Start of Block

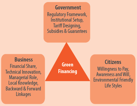 The principal areas of focus in the current green financing efforts include:
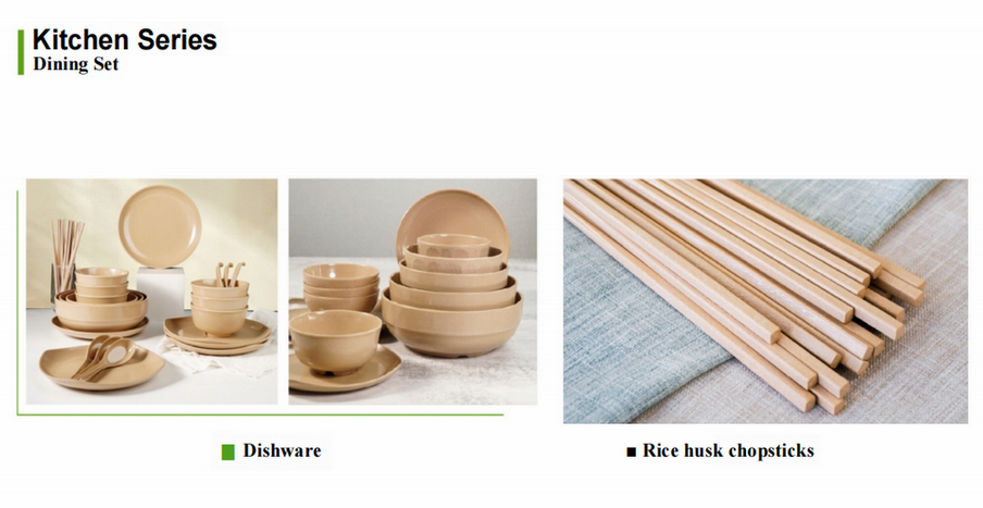 Through advanced recycling technology, waste is transformed into treasure. HOKIDO's rice husk tableware, certified
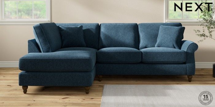 6.12.1 Buy Ashford Relaxed Sit Medium Corner Chaise - Left Hand Cotswold Chenille Dark Blue Low Turned - Mid from the Next UK online shop Click here to use our accessible website
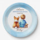 Blue and brown boy's baby shower paper plates. Cute watercolor baby boy and a Corgi Puppy by his side.
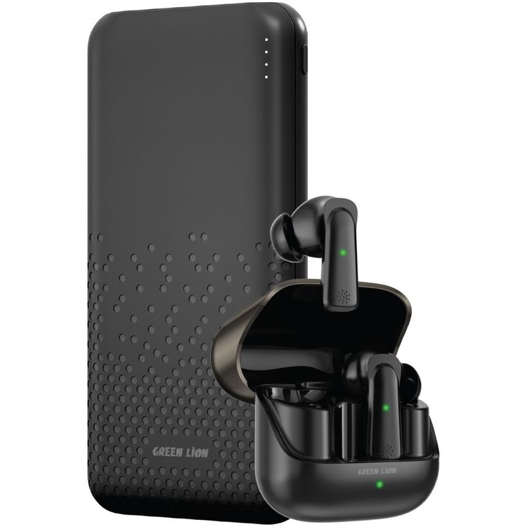 Green Lion Rome Power Bank & TWS Earbuds, Cutting-edge 2-in-1 Gadget, 10000 mAh Power Bank Battery Capacity, 200 mAh TWS Charging Case Capacity, Dual USB-A Port, 4.5 Hours Talk Time, 4 Hours Play Time - Black

End of Block

Set down the entries above word for word, but drop any image.

▶ [Problem solution]:
 The principal areas of focus in the current green financing efforts include:
 Through advanced recycling technology, waste is transformed into treasure. HOKIDO's rice husk tableware, certified
 6.12.1 Buy Ashford Relaxed Sit Medium Corner Chaise - Left Hand Cotswold Chenille Dark Blue Low Turned - Mid from the Next UK online shop Click here to use our accessible website
 Blue and brown boy's baby shower paper plates. Cute watercolor baby boy and a Corgi Puppy by his side.
 Green Lion Rome Power Bank & TWS Earbuds, Cutting-edge 2-in-1 Gadget, 10000 mAh Power Bank Battery Capacity, 200 mAh TWS Charging Case Capacity, Dual USB-A Port, 4.5 Hours Talk Time, 4 Hours Play Time - Black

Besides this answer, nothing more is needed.